→ What the task asks: Copy everything in the records, character for character, except images.

━━━━

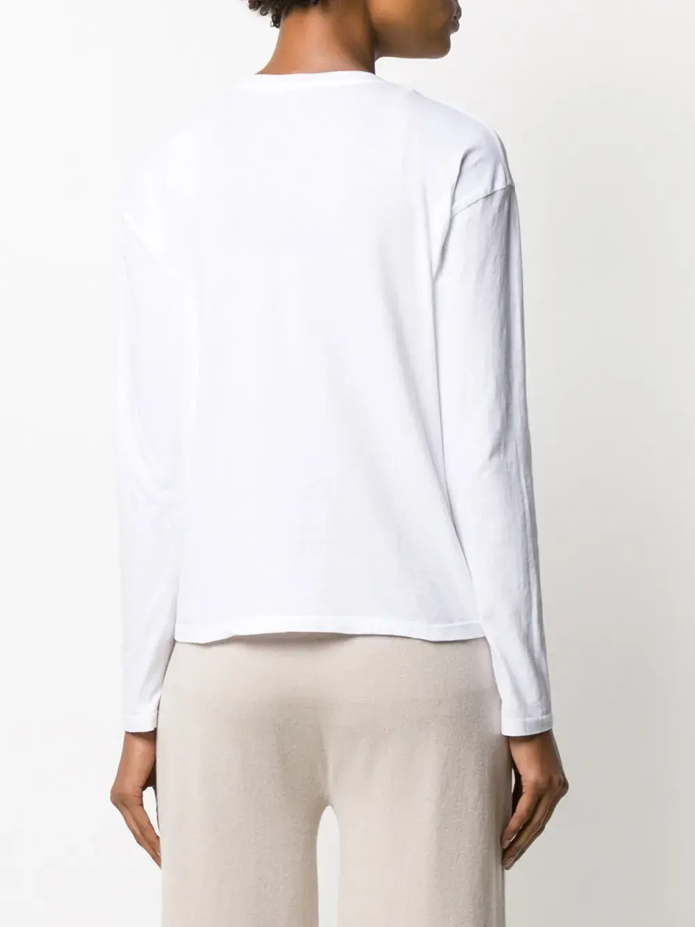 Футболка из джерси от James Perse (Джеймс Пирс). Круглый вырез под горло, приспущенные плечи, длинные рукава, свободный крой и прямой подол. Цвет: белый.
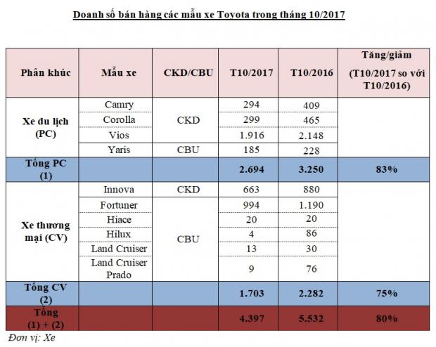 Nguồn : http://xehay.vn/toyota-viet-nam-ban-ra-4-397-xe-trong-thang-10-2017.html
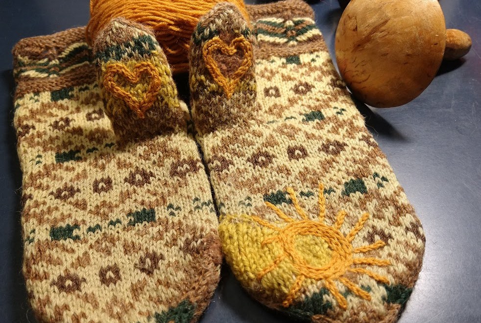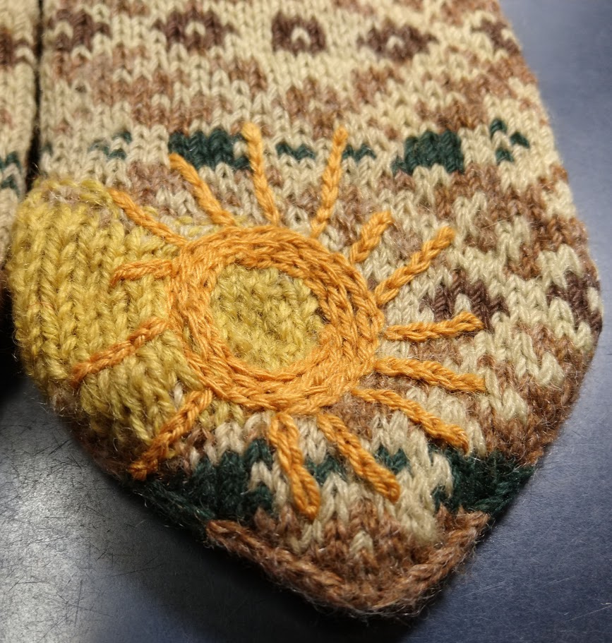 Silti jäin kaipaamaan jotain. Valitsin leijonankeltaista lankaa ja kirjoin ketjusilmukkapistoin auringon kämmeneen ja sydämet kumpaankin peukaloon.
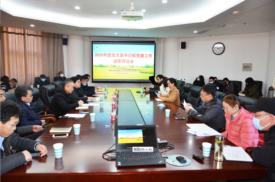 召开2020年度党支部书记抓党建工作述职评议大会。校考核工作组成员宋鸿雁、张勇民,全体学院班子成员、全体党支部书记及党员、群众代表参加评议会。会议由校党委委员、院党委书记郭战伟主持。
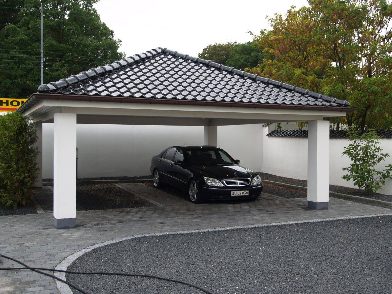 На фото вы можете посмотреть варианты из металлочерепицы. Имея под руками чертежи, вы можете сделать простые конструкции своими руками. Если кровля для основного здания делается из такого материала, то можно сделать пристроенный навес под одной крышей. В этом случае можно сделать полностью закрытую конструкцию для установки автомобиля.
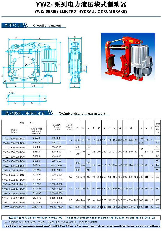 YWZ8系列電力液壓塊式制動器
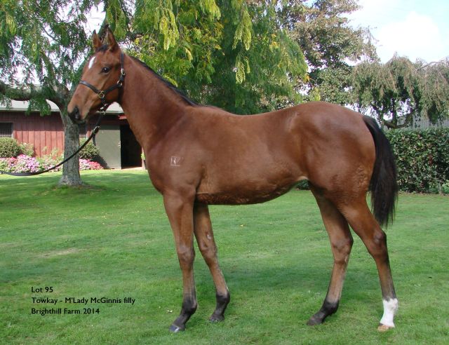 1st dam M'LADY MCGINNIS, by Monolith. Unraced. Half-sister to Trendy and True (dam of HIGH OCTANE). This is her fourth foal. Her third foal is a yearling. Her second foal is a 2YO. Dam of one foal to race- Paddy's Park (g. by Towkay). Winner at 1400m in 2014 in Malaysia. 2nd dam KATIE MCGINNIS, by Full Pocket. 3 wins-2 at 2, 2d Blue Ribbon Juvenile S. Dam of 11 named foals, 7 to race, 3 winners, inc:- Ease Hours. 9 wins from 1200m to 2100m, NZ$109,060, Hawke's Bay Hawkesbayracing.co.nz H., Marton JC Outback Trading Company H., Wanganui JC 92.8 More FM H., 2d WRC Galaxy S., Hawke's Bay Speights H., NRM Rural Supplies H., Just Commercials Partsworld H., WRC Copper Belt Lodge H., 4th Wanganui S., L. Minnie McGinnis. 2 wins-1 at 2-at 1000m, 1200m, WRC NZ Triple Crown 2YO H., Fayette Park H. Producer. Trendy and True. Unplaced. Dam of- HIGH OCTANE(Towkay). 9 wins from 1350m to 2300m, NZ$231,760, Manawatu Cup, Gr.3, BOP RC Tauranga S., Gr.3, ARC Radio Network H., Fruit World H., Dunstan Feeds Qualifier, Waikato RC Newstalk ZB H., WRC Douro Cup, 2d ARC Sharp H., 3d Feilding JC Anzac 1600 H., L, 4th ARC Nicolas Feuillatte S., Gr.3, Waikato RC Ag & Turf Sprint H., L, Counties RC Karaka Classic, L. 3rd dam KISS CURL, by Jacinto. 9 wins-2 at 2-in U.S.A. Half-sister to FREEDOM RING, Heart of Market (dam of MARSCAY, MAKARA). Dam of 9 foals, all raced, 6 winners, inc:- Kisses Full. 4 wins in U.S.A. Producer. Runnin' Greene. Winner in U.S.A. Dam of- Jacindra(Bold Ego). 7 wins-2 at 2, Fonner Islander H., Inaugural H., 2d Canterbury Hoist Her Flag S., L, 3d Ak-Sar-Ben Good Life S., L. 4th dam ACCROCHE COEUR, by Beau Max. Winner at 2 in U.S.A. Half-sister to Wiley Trade (dam of SUBZERO, CONFEDERATE LADY, BENSYND). Dam of 10 named foals, 9 to race, 7 winners, inc:- FREEDOM RING(Free America). 17 wins, Ascot Silver Cup S., L, 2d Ascot Downs Northeast Ohio S., L, 3d Ascot Silver Cup S., L. Heart of Market. Raced twice. Dam of- MARSCAY(Biscay). 8 wins-6 at 2-to 1400m, A$233,840, STC Golden Slipper S., Gr.1, AJC Hobartville S., Gr.2. Champion sire. Good Exchange. Unraced. Grandam of- ALACRITY(Grosvenor). 5 wins-1 at 2-from 1100m to 2400m, New Zealand Oaks, Gr.1, Waikato RC Sir Tristram Fillies Classic, Gr.2. |
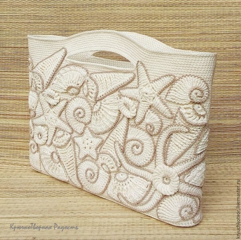 Ну вот, вязаные морские сувениры пришиты и сумочка почти готова!.. Осторожно отпарим ее с изнанки, дадим высохнуть — и вперед, в лето, притягивать восхищенные взгляды прохожих, выслушивать восхищения знакомых, и просто радоваться жизни!
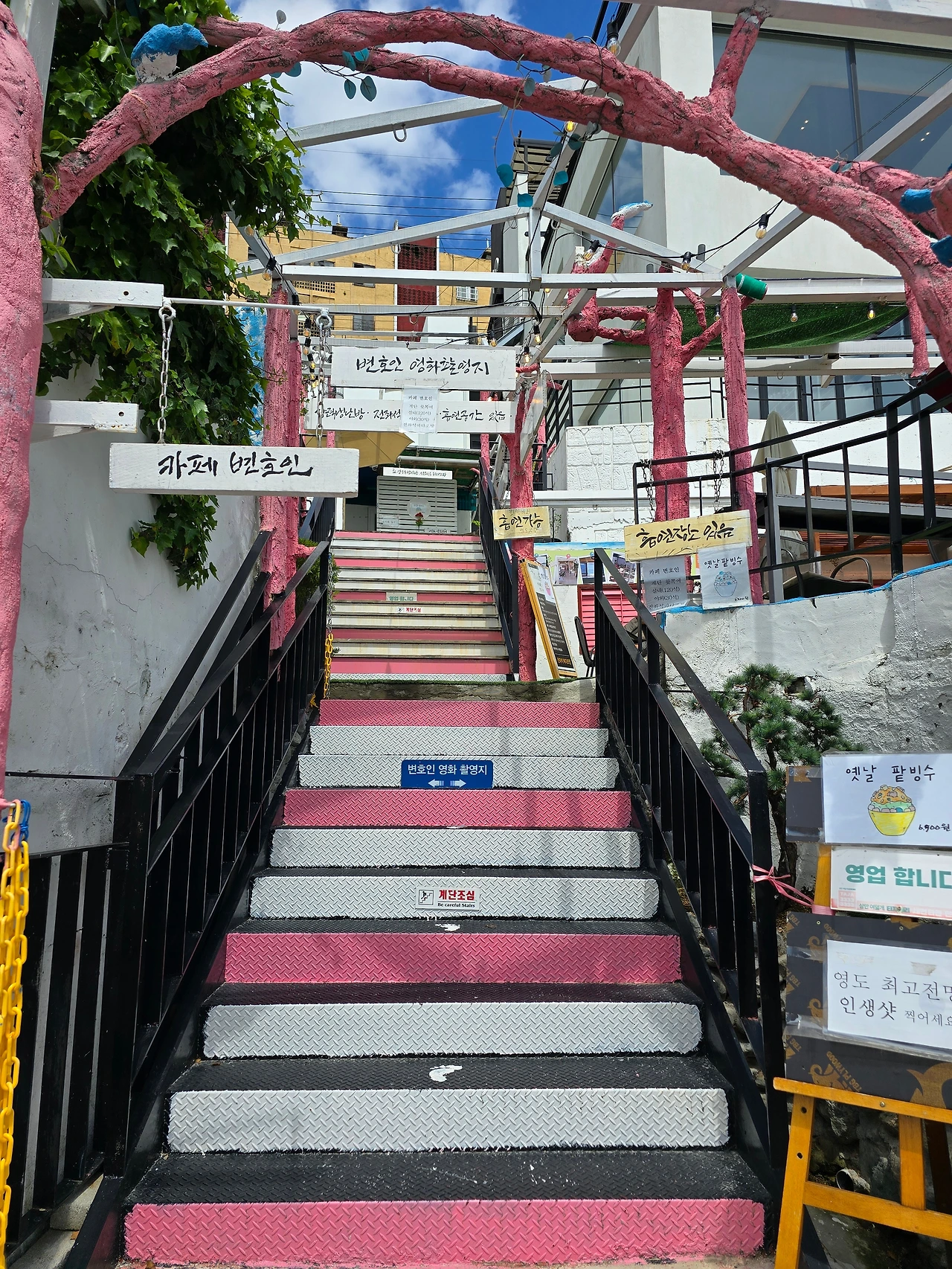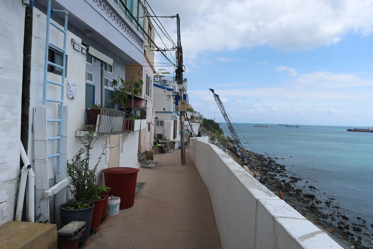 흰여울마을에도 어김없이 외부 자본들이 들어오기 시작했다. 그 좁은 비탈에 어찌 터를 냈는지 3~4층 규모의 번듯한 카페들이 세련된 몸집으로 들앉았다. 마땅한 주차장 한 폭 갖지 못하는 주민들의 살림살이와 대조적이다. 그러나 골목길 따라 늘어선 각종 샵들은 여느 관광지의 그것들과는 다르다. 가게틀마다 주차장을 만들지 못하는 지형적 특징은 결국 이들 가게들의 성장에 발목을 잡을 것이다. 한편으로는 그게 흰여울마을의 옛 모습을 그대로 지킬 수 있는 이유이기도 할 것이다. 묘한 역설의 동네다.

━━━━

→ Result of the exercise:
 Футболка из джерси от James Perse (Джеймс Пирс). Круглый вырез под горло, приспущенные плечи, длинные рукава, свободный крой и прямой подол. Цвет: белый.
 Nguồn : http://xehay.vn/toyota-viet-nam-ban-ra-4-397-xe-trong-thang-10-2017.html
 Silti jäin kaipaamaan jotain. Valitsin leijonankeltaista lankaa ja kirjoin ketjusilmukkapistoin auringon kämmeneen ja sydämet kumpaankin peukaloon.
 召开2020年度党支部书记抓党建工作述职评议大会。校考核工作组成员宋鸿雁、张勇民,全体学院班子成员、全体党支部书记及党员、群众代表参加评议会。会议由校党委委员、院党委书记郭战伟主持。
 На фото вы можете посмотреть варианты из металлочерепицы. Имея под руками чертежи, вы можете сделать простые конструкции своими руками. Если кровля для основного здания делается из такого материала, то можно сделать пристроенный навес под одной крышей. В этом случае можно сделать полностью закрытую конструкцию для установки автомобиля.
 YWZ8系列電力液壓塊式制動器
 1st dam M'LADY MCGINNIS, by Monolith. Unraced. Half-sister to Trendy and True (dam of HIGH OCTANE). This is her fourth foal. Her third foal is a yearling. Her second foal is a 2YO. Dam of one foal to race- Paddy's Park (g. by Towkay). Winner at 1400m in 2014 in Malaysia. 2nd dam KATIE MCGINNIS, by Full Pocket. 3 wins-2 at 2, 2d Blue Ribbon Juvenile S. Dam of 11 named foals, 7 to race, 3 winners, inc:- Ease Hours. 9 wins from 1200m to 2100m, NZ$109,060, Hawke's Bay Hawkesbayracing.co.nz H., Marton JC Outback Trading Company H., Wanganui JC 92.8 More FM H., 2d WRC Galaxy S., Hawke's Bay Speights H., NRM Rural Supplies H., Just Commercials Partsworld H., WRC Copper Belt Lodge H., 4th Wanganui S., L. Minnie McGinnis. 2 wins-1 at 2-at 1000m, 1200m, WRC NZ Triple Crown 2YO H., Fayette Park H. Producer. Trendy and True. Unplaced. Dam of- HIGH OCTANE(Towkay). 9 wins from 1350m to 2300m, NZ$231,760, Manawatu Cup, Gr.3, BOP RC Tauranga S., Gr.3, ARC Radio Network H., Fruit World H., Dunstan Feeds Qualifier, Waikato RC Newstalk ZB H., WRC Douro Cup, 2d ARC Sharp H., 3d Feilding JC Anzac 1600 H., L, 4th ARC Nicolas Feuillatte S., Gr.3, Waikato RC Ag & Turf Sprint H., L, Counties RC Karaka Classic, L. 3rd dam KISS CURL, by Jacinto. 9 wins-2 at 2-in U.S.A. Half-sister to FREEDOM RING, Heart of Market (dam of MARSCAY, MAKARA). Dam of 9 foals, all raced, 6 winners, inc:- Kisses Full. 4 wins in U.S.A. Producer. Runnin' Greene. Winner in U.S.A. Dam of- Jacindra(Bold Ego). 7 wins-2 at 2, Fonner Islander H., Inaugural H., 2d Canterbury Hoist Her Flag S., L, 3d Ak-Sar-Ben Good Life S., L. 4th dam ACCROCHE COEUR, by Beau Max. Winner at 2 in U.S.A. Half-sister to Wiley Trade (dam of SUBZERO, CONFEDERATE LADY, BENSYND). Dam of 10 named foals, 9 to race, 7 winners, inc:- FREEDOM RING(Free America). 17 wins, Ascot Silver Cup S., L, 2d Ascot Downs Northeast Ohio S., L, 3d Ascot Silver Cup S., L. Heart of Market. Raced twice. Dam of- MARSCAY(Biscay). 8 wins-6 at 2-to 1400m, A$233,840, STC Golden Slipper S., Gr.1, AJC Hobartville S., Gr.2. Champion sire. Good Exchange. Unraced. Grandam of- ALACRITY(Grosvenor). 5 wins-1 at 2-from 1100m to 2400m, New Zealand Oaks, Gr.1, Waikato RC Sir Tristram Fillies Classic, Gr.2. |
 Ну вот, вязаные морские сувениры пришиты и сумочка почти готова!.. Осторожно отпарим ее с изнанки, дадим высохнуть — и вперед, в лето, притягивать восхищенные взгляды прохожих, выслушивать восхищения знакомых, и просто радоваться жизни!
 흰여울마을에도 어김없이 외부 자본들이 들어오기 시작했다. 그 좁은 비탈에 어찌 터를 냈는지 3~4층 규모의 번듯한 카페들이 세련된 몸집으로 들앉았다. 마땅한 주차장 한 폭 갖지 못하는 주민들의 살림살이와 대조적이다. 그러나 골목길 따라 늘어선 각종 샵들은 여느 관광지의 그것들과는 다르다. 가게틀마다 주차장을 만들지 못하는 지형적 특징은 결국 이들 가게들의 성장에 발목을 잡을 것이다. 한편으로는 그게 흰여울마을의 옛 모습을 그대로 지킬 수 있는 이유이기도 할 것이다. 묘한 역설의 동네다.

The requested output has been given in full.